Could you give us the exact error (location) spybot is giving you?

BG


----------



## Gene145 (Sep 21, 2007)

*Re: Widgi.Toolbar*



Basementgeek said:


> Could you give us the exact error (location) spybot is giving you?
> 
> BG


Here is the fix log from spybot, some fixed, some not. 

Widgi.Toolbar: [SBI $21855786] User settings (Registry key, fixed)
HKEY_USERS\S-1-5-21-724223114-981428568-4039481322-1001\Software\Microsoft\Windows\CurrentVersion\Ext\Settings\{B922D405-6D13-4A2B-AE89-08A030DA4402}

Widgi.Toolbar: [SBI $BA954ED7] User settings (Registry key, fixed)
HKEY_USERS\S-1-5-21-724223114-981428568-4039481322-1001\Software\Microsoft\Windows\CurrentVersion\Ext\Stats\{B922D405-6D13-4A2B-AE89-08A030DA4402}

Widgi.Toolbar: [SBI $9A5B542E] Search hook (Registry value, fixed)
HKEY_USERS\S-1-5-21-724223114-981428568-4039481322-1001\Software\Microsoft\Internet Explorer\URLSearchHooks\{B922D405-6D13-4A2B-AE89-08A030DA4402}

Widgi.Toolbar: [SBI $16C3A07B] Settings (Registry value, fixing failed)
HKEY_LOCAL_MACHINE\SOFTWARE\Microsoft\Windows\CurrentVersion\Installer\Folders\C:\Program Files (x86)\Common Files\Spigot\

Widgi.Toolbar: [SBI $000389AB] Settings (Registry value, fixing failed)
HKEY_LOCAL_MACHINE\SOFTWARE\Microsoft\Windows\CurrentVersion\Installer\Folders\C:\Program Files (x86)\Common Files\Spigot\Search Settings\

DoubleClick: Tracking cookie (Chrome: Chrome) (Cookie, fixed)


----------



## tetonbob (Jan 10, 2005)

*Re: Widgi.Toolbar*



> Is widgi.toolbar something to worry about?
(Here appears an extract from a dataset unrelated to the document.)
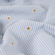 seersucker katoen donker blauw streepjes met geborduurde madeliefjes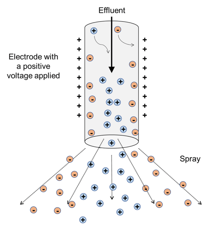 Spray voltage. Typically, the ESI voltage is set at or near its maximum. It is essential to recognize that during ionization, both positive and negative ions are produced (conservation of charge). If a positive voltage is applied (for example, in positive ion mode), positive ions will migrate toward the center of the effluent stream and negative ions will migrate toward the walls of the electrode (Figure 4). When the spray is created, the plume is not homogenous. Negative ions will be at the outside edges of the plume and positive ions will be at its center. This segregation of the ions makes it essential to always adjust the position of the probe on the ZenoTOF 7600 system. The position of the OptiFlow Turbo V ion source does not need to be adjusted, however, because its geometry is already optimized. Other key source parameters include the nebulizing gas (GS1), which affects droplet size, and the drying gas (GS2), which evaporates the solvent to generate gas-phase ions. Subtle changes in either or both parameters can affect instrument sensitivity. In samples with heavy matrix contamination, as is common in metabolomics experiments, one can slightly lower the ESI voltage to reduce the ionizing species that come from the matrix. With a high voltage setting, highly ionizable species in the matrix may crowd out the lower ionizable species and suppress the analyte signal.

Not particularly. It's a toolbar. Most toolbars can be uninstalled via the Control Panel and removed from browsers search engine providers.



> could not remove the last two, because they were "in use", even after rebooting and rescanning with nothing else running.


Try scanning in Safe Mode.

Does this folder exist?
C:\Program Files (x86)\Common Files\Spigot

The items Spybot is still detecting are orphaned registry keys. If you know your way around regedit you can remove the value manually. If you don't have experience in regedit, don't do it.


----------



## Gene145 (Sep 21, 2007)

*Re: Widgi.Toolbar*



tetonbob said:


> Not particularly. It's a toolbar. Most toolbars can be uninstalled via the Control Panel and removed from browsers search engine providers.
> 
> Try scanning in Safe Mode.
> 
> ...


I normally use Firefox. Chrome is installed. Neither show anything of the sort as tool bar or extensions. 

Control panel does not show it. 

I did not try scanning in safe mode. 

The folder does not exist if I go thru C:\Program files. 
and "search" can't find it .


----------



## Basementgeek (Feb 7, 2005)

*Re: Widgi.Toolbar*

Again, scan in the safe mode as that should stop it from starting up (running). It is hard to delete since it is running.

BG


----------



## Gene145 (Sep 21, 2007)

*Re: Widgi.Toolbar*

OK! Safe mode scanning says it has been removed. 

Thanks for the help/.


----------



## tetonbob (Jan 10, 2005)

*Re: Widgi.Toolbar*

:thumb:

Well done.


----------